A defendant who was arrested in the Northern District of Ohio for distribution of heroin and possessing a firearm during the commission of a crime had a 13-year heroin addiction and spoke no English. He withdrew from heroin while in detention and then was placed in residential treatment. The probation office located a community group that serviced the area's small Spanish population, and the group was willing to translate for the man and give him English lessons. His English improved immensely. He transferred to an independent living program, received individual counseling, and attended weekly Alcoholics Anonymous and Narcotics Anonymous meetings. He also got a job for the first time in his life.
- As an alternative to incarceration, supervision allows individuals to live with their families, hold jobs, and be productive members of society.
In spite of a strong recommendation for detention from the assistant U.S. attorney, a defendant who was from the Eastern District of North Carolina but arrested in New York City was placed in a halfway house at the pretrial services officer's recommendation. That way, he could work to support his wife and children. During supervision, he got a job, sent money home to his family, and contributed toward his subsistence cost at the halfway house. He complied with all conditions of release and did so well on supervision that eventually he was allowed weekend visits with his family at the home of relatives nearby.
While awaiting sentencing for trying to rob a bank by calling in a bomb threat, a single mother of three in the Northern District of Ohio was able to hold a job, remain sober, and continue caring for her children with the help of an intensive outpatient substance abuse program and psychological counseling arranged for by the pretrial services office.
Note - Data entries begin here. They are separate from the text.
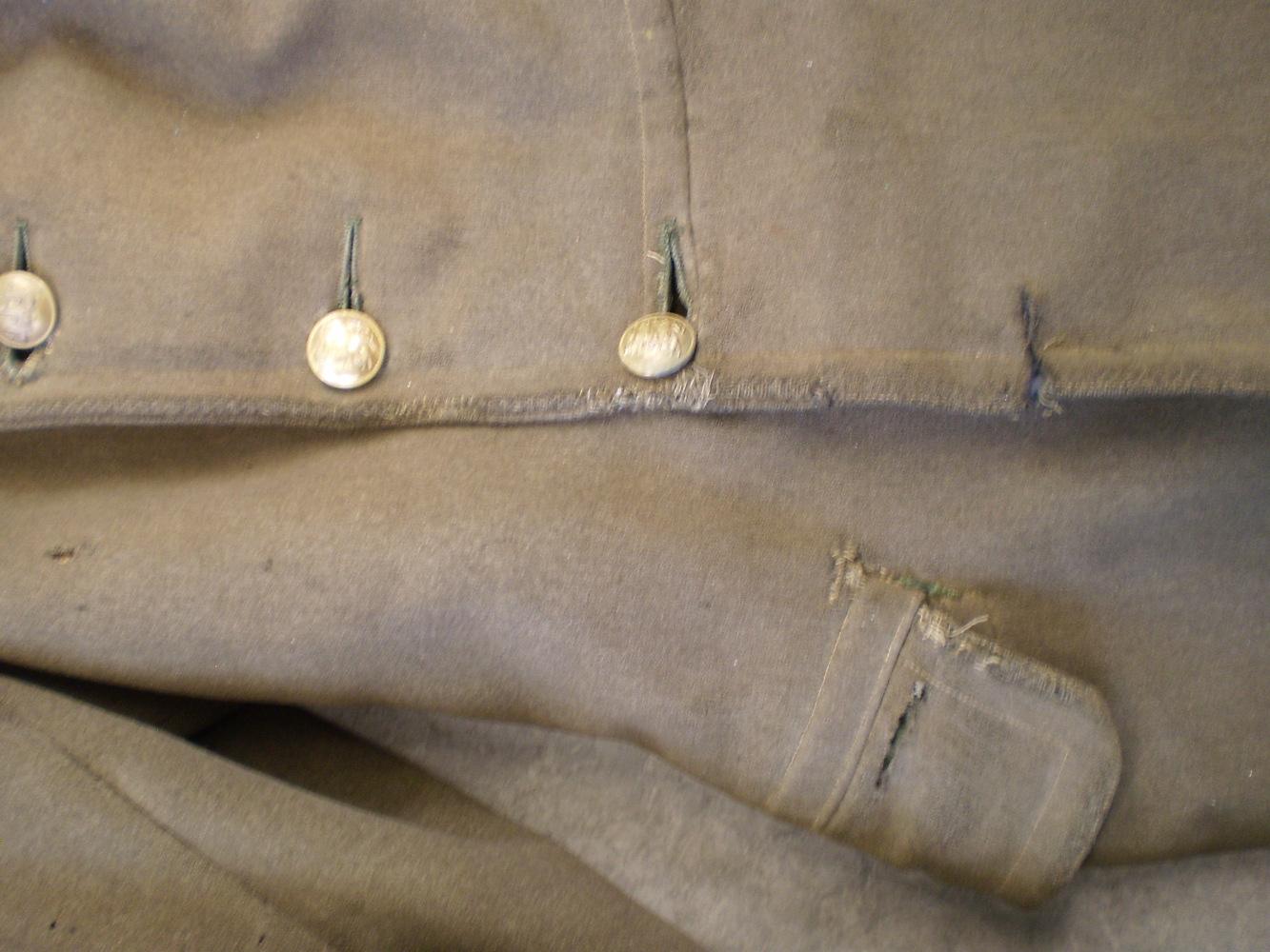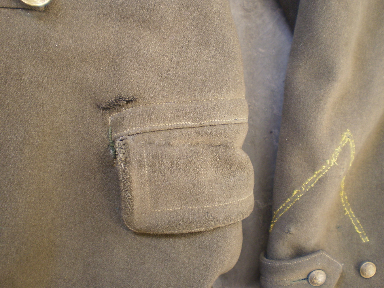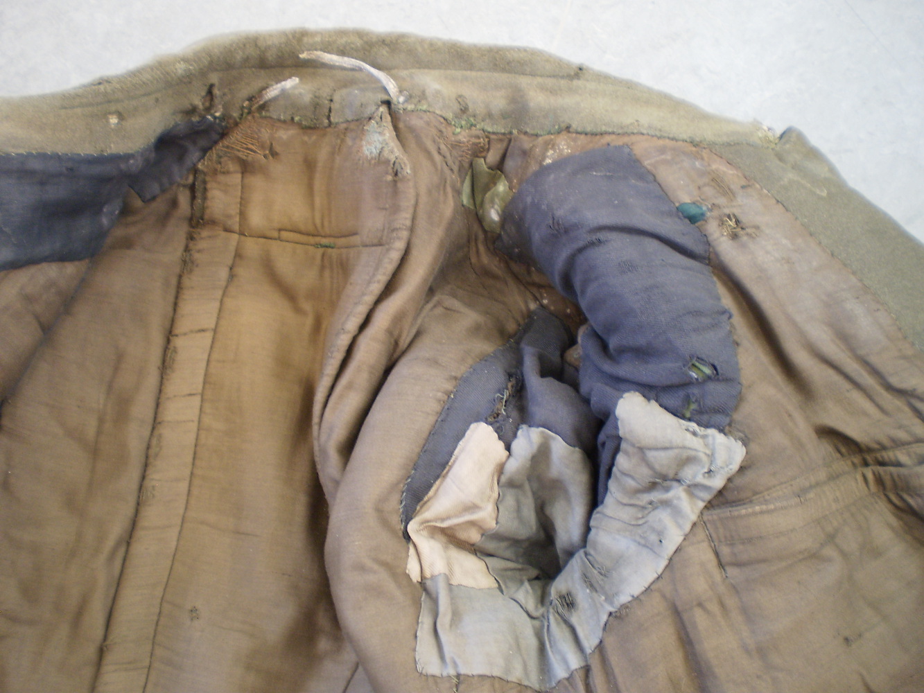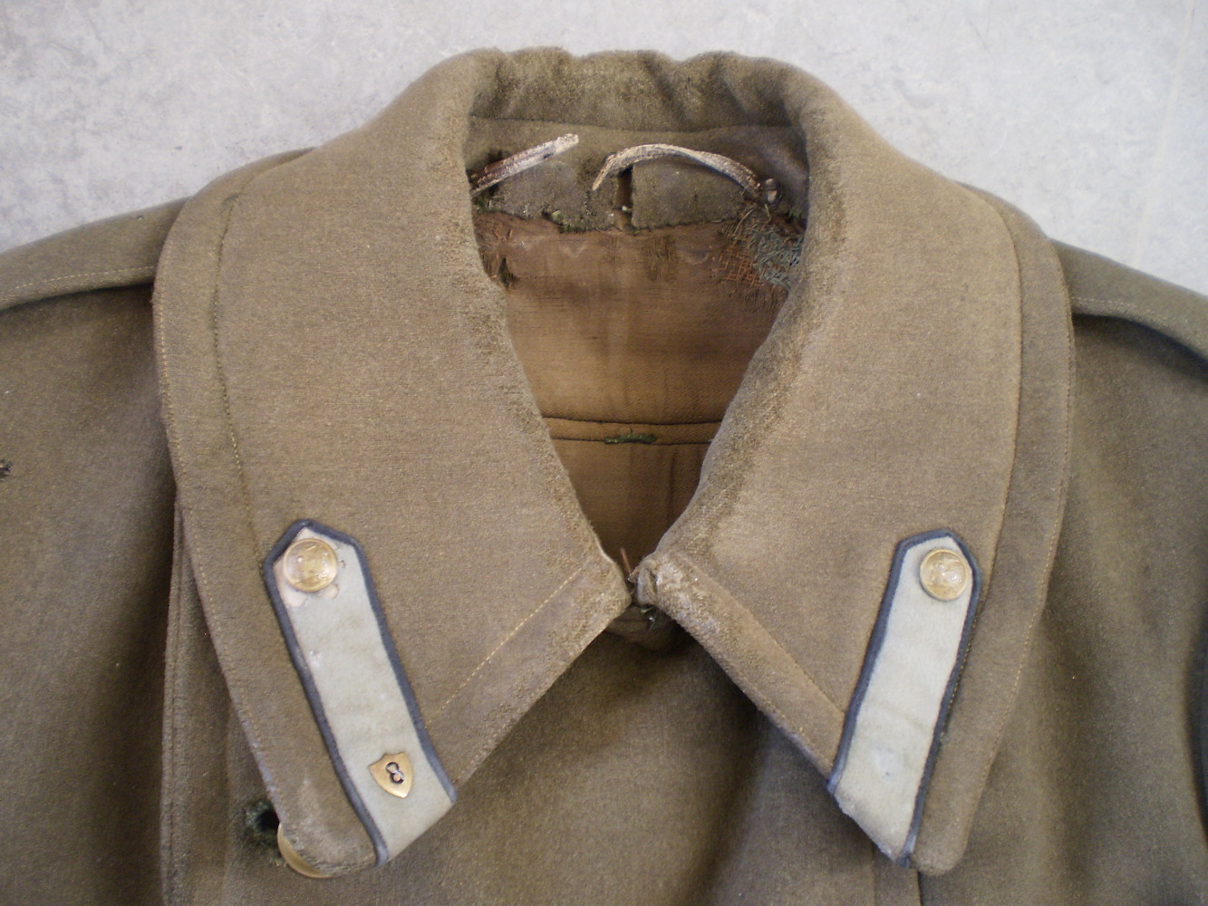 Sineli kraelõkmed ja nööbid on peal originaalis. Nagu näha on saanud juba rahu ajal kõvasti kandmist ja parandamist. Riie oli toona kallis ja asjad peeti läbi. Peale puhastust, paikamist saaks kobeda asja. Pagunil näha jäljed auastmetunnustest enne 1936 aastat. Sinel on päris suur.
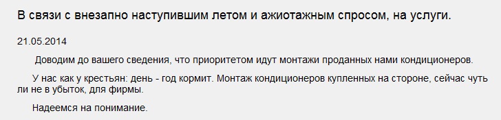 )Улыбнула). Хотел бы выяснить, так легче простого попросил бы знакомых отписать чот типа нужна кондишка)) и на очередной ваш советую тот то " никому не верю, вам верю, да хочу , дайте две, продайте мне")). От только мне честно говоря это не интересно, последнее время просто улыбают ваши посты( в данном варианте сказали бы " скидку даем на под ключ" и слова бы не сказал так как техника компенсирует ту десятку, а когда говоря скину десятку на монтаж коли пара), да ради бога мало ли мотажеров готовых как каторжный пахать за двести гривен), тут уж персональное дело каждого ценить свой персонал аль искать рабов
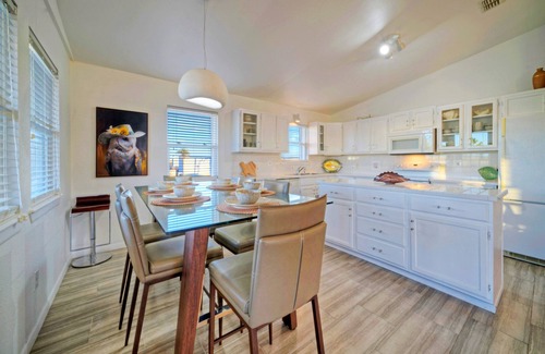 Driving into the area, you'll pass the ship channel, catch a sunset view if the timing is right, and pass the dog park and city pool. Also nearby are the nature preserve, birding center, marina, and dozens of places to shop, eat, hear live music, and experience Port A. But the best part about the location is it's only a golf cart ride away from the beach!
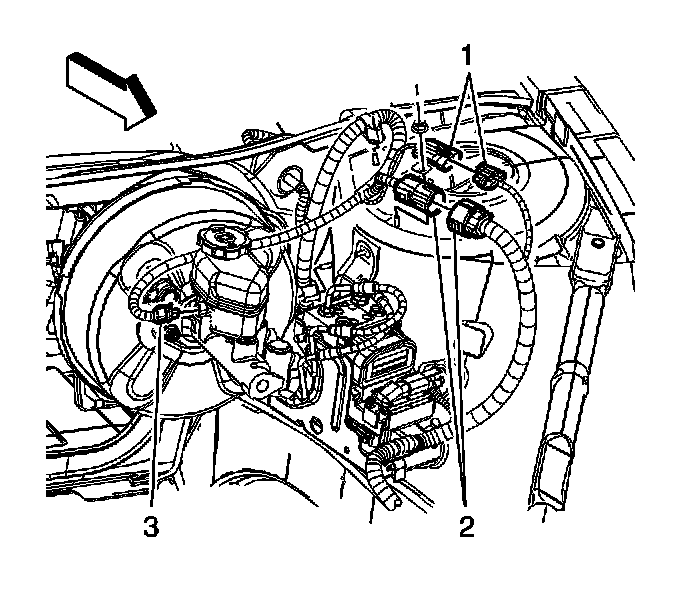 65. Connect the brake fluid level switch electrical connector (3) to the master cylinder.

- Supervision gives officers the means to enforce conditions ordered by the court, such as those requiring persons to perform community service or pay fines and restitution.
Twenty-one offenders in the Middle District of Florida, each ordered by the court to perform community service, participated in a week-long project in Ocala National Forest, which was coordinated by the probation office. The offenders' efforts resulted in numerous improvements to the park and saved thousands of taxpayer dollars. The group cleared and dug trails, laid sod, installed tile in restrooms, and hung lighting. These were improvements that probably would not have been made otherwise because of lack of funds.
In the Eastern District of Wisconsin, a probation officer's rigorous enforcement of the conditions of supervision compelled one offender–a businessman who had embezzled from his employees' pension funds–to give back to his victims what he had taken. Despite the offender's protests that he did not have money to pay restitution, the officer's scrutiny of the offender's affluent lifestyle and his questionable commingling of business and personal finances revealed otherwise. As a result of the officer's efforts, the offender paid $40,000, the balance of restitution owed.